- [GIVEN ENTRIES]
━━━━━━━━━━━━━━━━━━━━━━━━━━━━━━

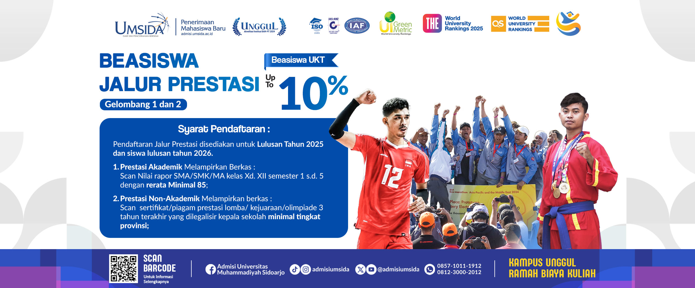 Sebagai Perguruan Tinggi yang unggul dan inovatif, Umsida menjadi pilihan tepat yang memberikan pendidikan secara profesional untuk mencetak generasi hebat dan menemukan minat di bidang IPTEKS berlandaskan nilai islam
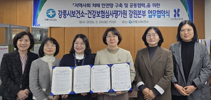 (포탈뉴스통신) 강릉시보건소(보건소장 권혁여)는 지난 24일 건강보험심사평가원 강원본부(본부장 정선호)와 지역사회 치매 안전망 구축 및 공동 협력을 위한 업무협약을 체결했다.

━━━━━━━━━━━━━━━━━━━━━━━━━━━━━━

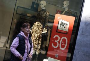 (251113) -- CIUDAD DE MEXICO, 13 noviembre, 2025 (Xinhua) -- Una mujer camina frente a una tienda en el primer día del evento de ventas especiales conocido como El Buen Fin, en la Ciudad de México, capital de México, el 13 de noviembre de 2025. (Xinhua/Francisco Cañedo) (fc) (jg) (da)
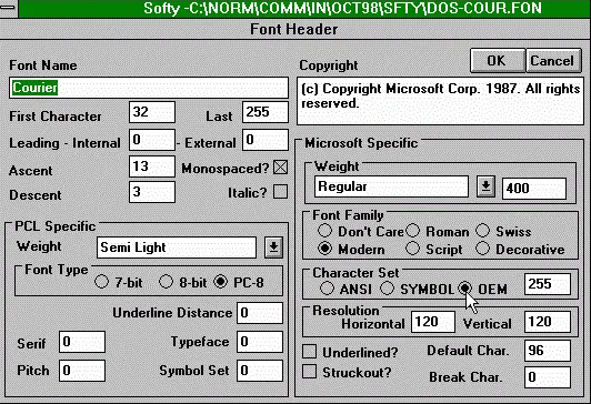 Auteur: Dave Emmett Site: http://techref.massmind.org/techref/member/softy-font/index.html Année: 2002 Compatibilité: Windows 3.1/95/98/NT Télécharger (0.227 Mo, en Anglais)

━━━━━━━━━━━━━━━━━━━━━━━━━━━━━━

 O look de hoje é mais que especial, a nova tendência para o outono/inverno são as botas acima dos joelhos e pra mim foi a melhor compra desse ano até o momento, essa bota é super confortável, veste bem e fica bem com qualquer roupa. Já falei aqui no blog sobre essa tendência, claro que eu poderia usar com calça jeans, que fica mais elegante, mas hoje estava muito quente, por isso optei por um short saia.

━━━━━━━━━━━━━━━━━━━━━━━━━━━━━━

- [WORK TASK] In the data above, take the line with "Sebagai Perguruan Tinggi", the line with "(포탈뉴스통신) 강릉시보건소(보건소장 권혁여)는", and every line between, and set them down exactly without pictures.

- [YOUR SOLUTION]
 Sebagai Perguruan Tinggi yang unggul dan inovatif, Umsida menjadi pilihan tepat yang memberikan pendidikan secara profesional untuk mencetak generasi hebat dan menemukan minat di bidang IPTEKS berlandaskan nilai islam
 (포탈뉴스통신) 강릉시보건소(보건소장 권혁여)는 지난 24일 건강보험심사평가원 강원본부(본부장 정선호)와 지역사회 치매 안전망 구축 및 공동 협력을 위한 업무협약을 체결했다.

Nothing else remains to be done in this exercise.